Oct 20 09:11:56 dc1-sirius systemd[1]: cockroach.service: Main process exited, code=exited, status=7/NOTRUNNING
Oct 20 09:11:56 dc1-sirius systemd[1]: cockroach.service: Failed with result 'exit-code'.
Oct 20 09:12:06 dc1-sirius systemd[1]: cockroach.service: Service RestartSec=10s expired, scheduling restart.
Oct 20 09:12:06 dc1-sirius systemd[1]: cockroach.service: Scheduled restart job, restart counter is at 1.
Oct 20 09:12:06 dc1-sirius systemd[1]: Stopped Cockroach Database cluster node.
Oct 20 09:12:06 dc1-sirius systemd[1]: Starting Cockroach Database cluster node...
Oct 20 09:12:16 dc1-sirius systemd[1]: Started Cockroach Database cluster node.

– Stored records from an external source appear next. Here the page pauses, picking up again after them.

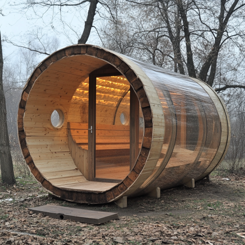 DYI wood structure wood cylinder wood house with transparent plastic roof sheets on the outside placed to wrap the cylinder, the face of the capsule has a sliding door, the material is transparent plastic roofing sheets, not glass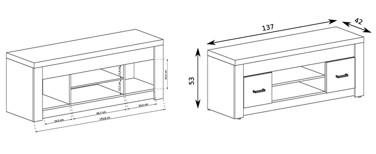 Obývací sestava. Tento systém je exkluzivní kolekce navržena v moderním duchu. Celá řada se vyznačuje elegancí a jednoduchými tvary, které zaručují plné využití prostoru. Nábytek je vyroben z kvalitního lamina s ABS hrany ( 0,5–0,8 mm ),úchyty jsou z kovu. Barevné provedení je jasan světlý. Sestava se skládá ( šxhxv ) – vitrína ( 56 × 42 × 192 cm ),komoda ( 76 × 42 × 127 cm ),tv stolek ( 137 × 42 × 53 cm ) a police ( 120 × 18 × 32 cm ). Nábytek neobsahuje LED osvětlení v ceně, možnost dokoupení. V naší nabídce naleznete další sortiment z řady. Dodáváme v demontovaném stavu.CASA 71007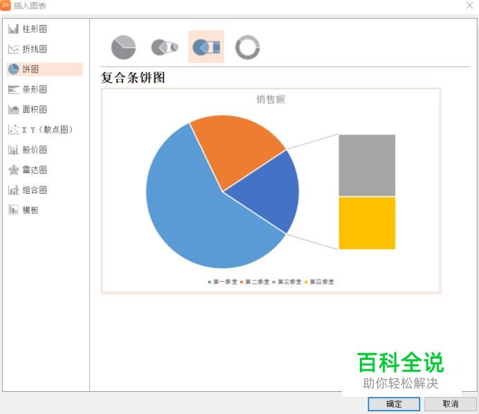 选择饼状图,并选择需要的类型(有四种选择),选好后点击确定。

It came up again and a minute later it crashed again:

Oct 20 09:13:01 dc1-sirius cockroach[182193]: * ERROR: [n1] Queued as error f224533d40dd417294588e2f56a9cb9e
Oct 20 09:13:01 dc1-sirius cockroach[182193]: *
Oct 20 09:13:01 dc1-sirius systemd[1]: cockroach.service: Main process exited, code=exited, status=7/NOTRUNNING
Oct 20 09:13:01 dc1-sirius systemd[1]: cockroach.service: Failed with result 'exit-code'.
Oct 20 09:13:12 dc1-sirius systemd[1]: cockroach.service: Service RestartSec=10s expired, scheduling restart.
Oct 20 09:13:12 dc1-sirius systemd[1]: cockroach.service: Scheduled restart job, restart counter is at 2.
Oct 20 09:13:12 dc1-sirius systemd[1]: Stopped Cockroach Database cluster node.
Oct 20 09:13:12 dc1-sirius systemd[1]: Starting Cockroach Database cluster node...
Oct 20 09:13:22 dc1-sirius systemd[1]: Started Cockroach Database cluster node.

Then again:

Oct 20 09:13:22 dc1-sirius cockroach[182207]: * ERROR: [n1] Queued as error 7daa739dd5fe4145a9eff58621a9e17b
Oct 20 09:13:22 dc1-sirius cockroach[182207]: *
Oct 20 09:13:22 dc1-sirius systemd[1]: cockroach.service: Main process exited, code=exited, status=7/NOTRUNNING
Oct 20 09:13:22 dc1-sirius systemd[1]: cockroach.service: Failed with result 'exit-code'.
Oct 20 09:13:33 dc1-sirius systemd[1]: cockroach.service: Service RestartSec=10s expired, scheduling restart.
Oct 20 09:13:33 dc1-sirius systemd[1]: cockroach.service: Scheduled restart job, restart counter is at 3.
Oct 20 09:13:33 dc1-sirius systemd[1]: Stopped Cockroach Database cluster node.
Oct 20 09:13:33 dc1-sirius systemd[1]: Starting Cockroach Database cluster node...
Oct 20 09:13:43 dc1-sirius systemd[1]: Started Cockroach Database cluster node.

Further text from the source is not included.